Raw (a) and processed (b) images of a mixed suspension of Microcystis (blue), Anabaena (red) and Ankistrodesmus (green), respectively.


Thus, the work presented herein demonstrates the proof-of-concept that contemporary image analysis and processing technology has advanced to a level that enables good identification and enumeration of cyanbacteria and other algae in real (untreated) water matrices in a manner that is (1) rapid and automated without requiring additional expensive equipment beyond that which is commonly available for microbiological analyses in typical water quality laboratories and (2) at least as accurate as currently available methods (e.g., hemacytometer, fluorometry), but with greater sensitivity (i.e., lower detection limit). Here, seven morphological features and a standard machine learning classifier such as a SVM in combination with additional tools such as fluorescence and absorption spectra were used.

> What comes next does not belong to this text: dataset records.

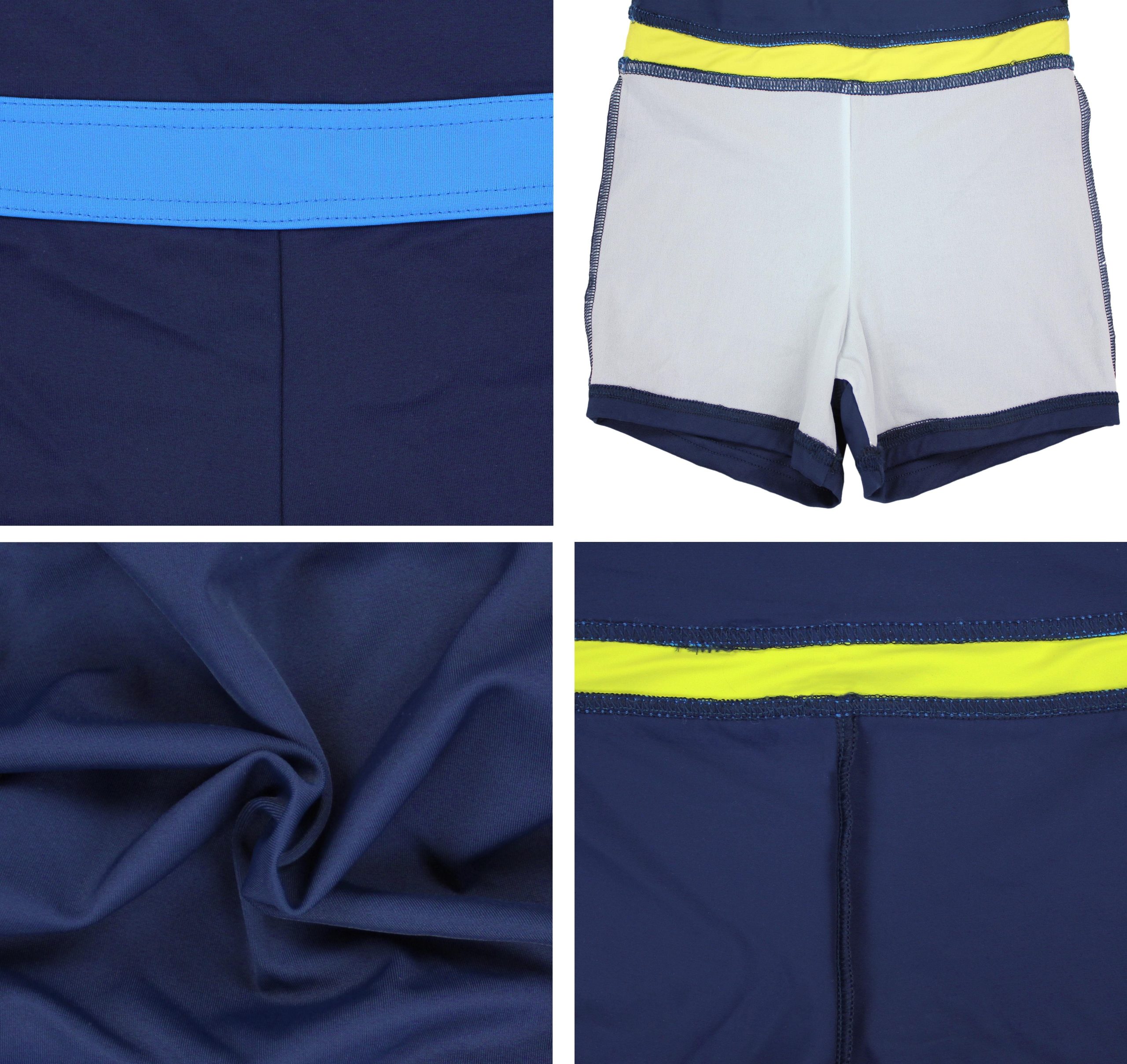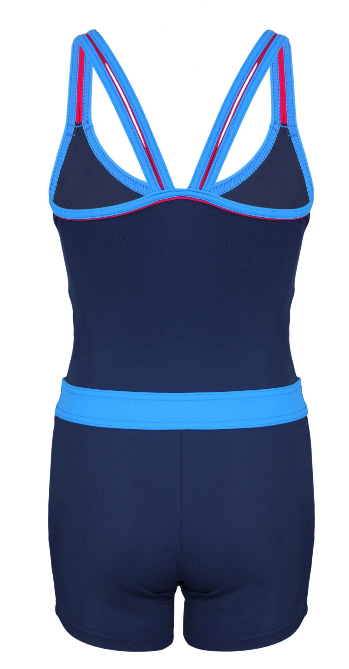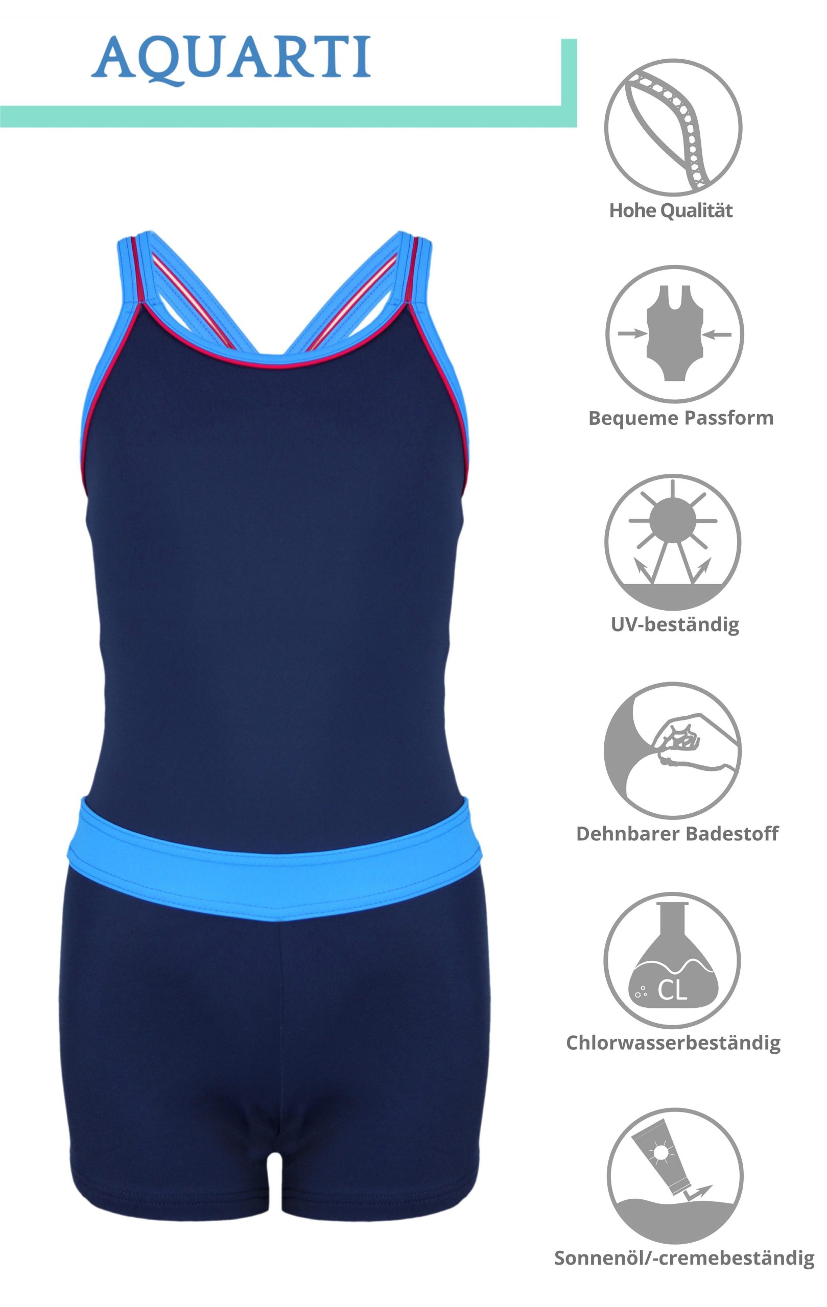 Sporty swimsuit with legs from Aquarti. Chlorine-resistant, quick-drying, elastic fabric with UV protection. Comfortable fit, flat-lock stitching. Made in the EU.
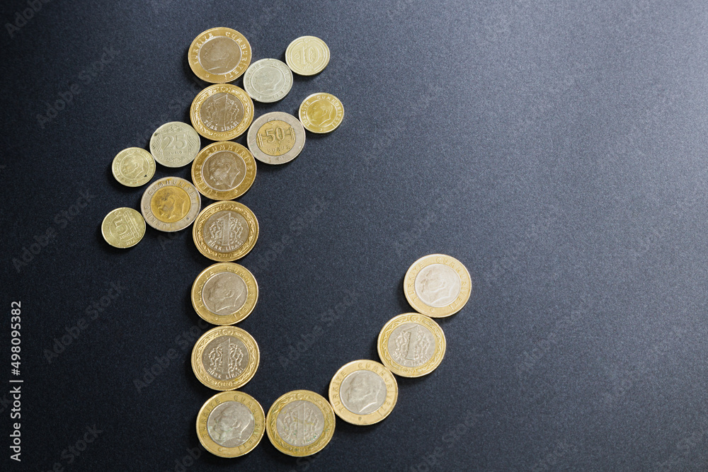 Selective focus of top view Turkish lira symbol on black isolated background. The Turkish Lira symbol is designed with coins. Investment, finance, savings, Turkish lira concept.
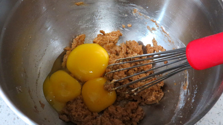 4. 加入蛋黄拌匀;用橡皮刮刀从盆的底部边缘往中间搅拌均匀,不要总是朝一个方向划圈搅和,防止起筋
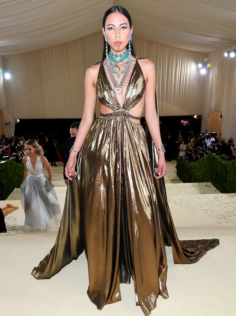 For her Met Gala debut, Chasinghorse chose a gold Dundas x Revolve gown with help from stylist Tabitha Simmons and paired it with authentic Navajo jewelry, flown to New York City by her aunt for the occasion. Picking up on the reflective tones of her metallic gown, Gucci collaborated with Simmons to create a light-catching eye look with shimmering Peau de Soleil highlghts and a mix of Eye Pod shadows.
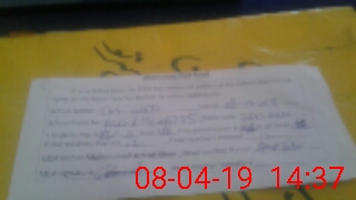 | Name: MU**** NA**** Designation: (School Headmaster's/Headmistress's) H MASTER Phone/Cell Number: 03**** |
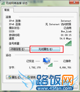 点击上图中的“无线属性”,弹出如下所示的对话框:
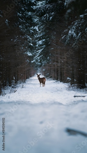© decorator, Obraz premium A solitary deer finds peace on a snow dusted path within a tranquil winter forest scene
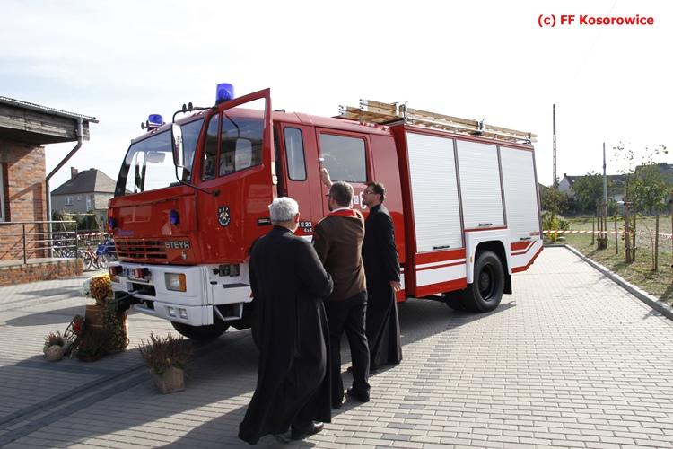 VOITSBERG, am 04.10.2015 Das im Juli 2015 an die polnische Feuerwehr Kosorowice verkaufte RLFA-Tunnel wurde am 4. Oktober 2015 in einer würdevollen Feier offiziell in den Dienst gestellt. Nach Ansprachen segnete der aus Kosorowice stammende Feuerwehrkurat und Pfarrer von Maria Lankowitz Josua Gonsior als Gastpfarrer das Fahrzeug. Es wurde uns übermittelt, dass die Kameraden mit diesem Fahrzeug sehr viel Freude haben und stolz sind, dieses zu besitzen. Wir, die FF Voitsberg, wünschen der FF Kosorowice mit dem Steyr viele Übungen und wenig Einsätze.
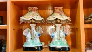 Lampade Vintage Palomas in Porcellana 📲 640513971. Disponibili 2 unità. Entrambe a 50€ - Con un delizioso design di colombe in porcellana. Base in porcellana con figure di colombe. Schermi in tessuto con stampa floreale. Decorazioni a ciondolo di perline. Stile decorativo vintage. MISURE: Diametro max 26cm, Altezza 45cm. Altri articoli nel mio profilo. Abbiamo un negozio fisico. Visitateci in Calle de la Imagen 26, ENTREVÍAS, CAP 28018. SECONDA MANO E RASTRO TINA. Orario: 9-14 e 16-20:30 dal lunedì al sabato. Sabato pomeriggio 16-19:30.
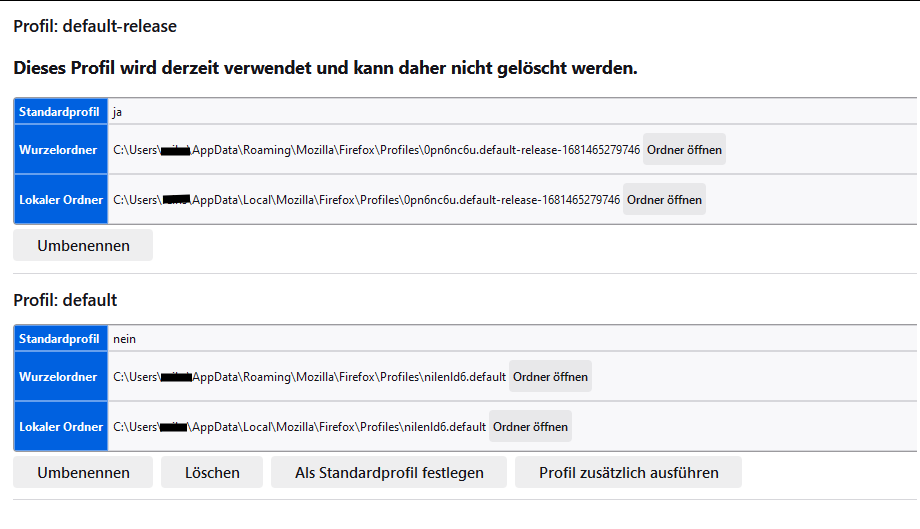 In das bestehende Profil komme ich über %AppData% oder über die Hilfefunktion vom FF.
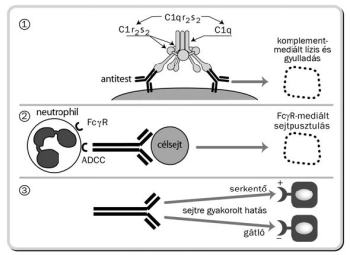Antitestfüggő celluláris citotoxicitás (ADCC) következik be. Ennek során az Fcγ-receptorral rendelkező macrophagok, neutrophil granulocyták, NK-sejtek, eosinophil granulocyták az Fcγ-receptor révén veszik fel/pusztítják el az IgG-molekulák által opszonizált sejteket (lásd 3.2. fejezet).
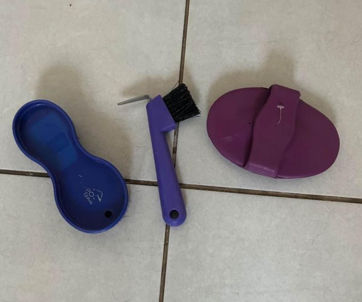 Bonjour à vendre lot de trois brosse violette une étrille, un curé pied, et une magic brush
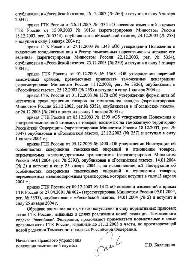 "О ВСТУПЛЕНИИ В СИЛУ НОРМАТИВНЫХ ПРАВОВЫХ АКТОВ ГТК РОССИИ, ИЗДАННЫХ В ЦЕЛЯХ РЕАЛИЗАЦИИ ТАМОЖЕННОГО КОДЕКСА РОССИЙСКОЙ ФЕДЕРАЦИИ, (СОБРАНИЕ ЗАКОНОДАТЕЛЬСТВА РОССИЙСКОЙ ФЕДЕРАЦИИ, 2003, N 22, СТ. 2066; N 52, СТ. 5038)"
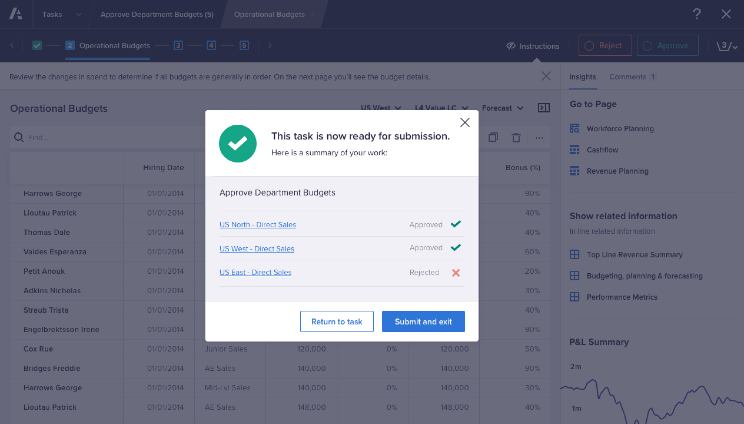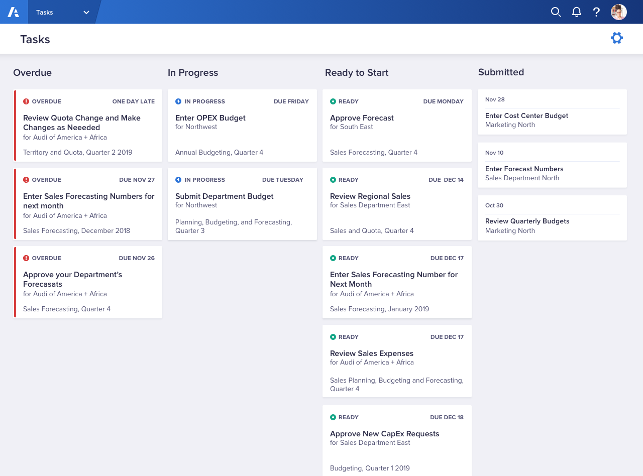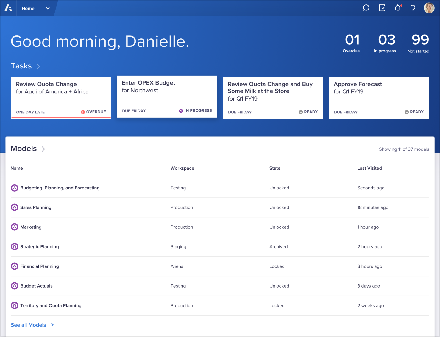 Consisting of a “builder” experience and an “execution” experience, workflow helped guide end users in entering data into Anaplan and helped get that data right via approvals.

When compared with the indirect or surrogate measurements based on pigment fluorescence estimation, the new method provides better accuracy at both low and high Microcystis cells concentrations,. For filamentous Anabaena, the proposed method (calibration-pre-treatment-contrast enhancement-enumeration process) provides better cell concentration estimation in the water matrices tested, as compared to the commonly used indirect pigment fluorescence measurement using fluorometric probes. Furthermore, the probe can not only accurately estimate cell concentrations, but also effectively distinguish between cells of Anabaena flos-aquae and Microcystis aeruginosa in a mixed culture. Indirect measurements only measure fluorescent intensity in response to differences in surrogate chemical(s), but cannot distinguish target cells from other cells containing chlorophyll-a or phycocianin or from other fluorescent particles present in natural water thus making it difficult to quantify the significance of false positive/negative results. Significant time and resources can be saved by using this type of method as compared to other cell enumeration methods in use for routine water monitoring. Notably, the concurrent analysis of Microcystis, Anabaena, and Ankistrodesmus demonstrated that imaging-driven machine learning approaches can be used to accurately differentiate between microorganisms with relatively similar morphologies. This work underscores the promise of these techniques and the need for their further investigation to develop reasonably low cost, rapid screening tools for evaluating water quality and public health risk.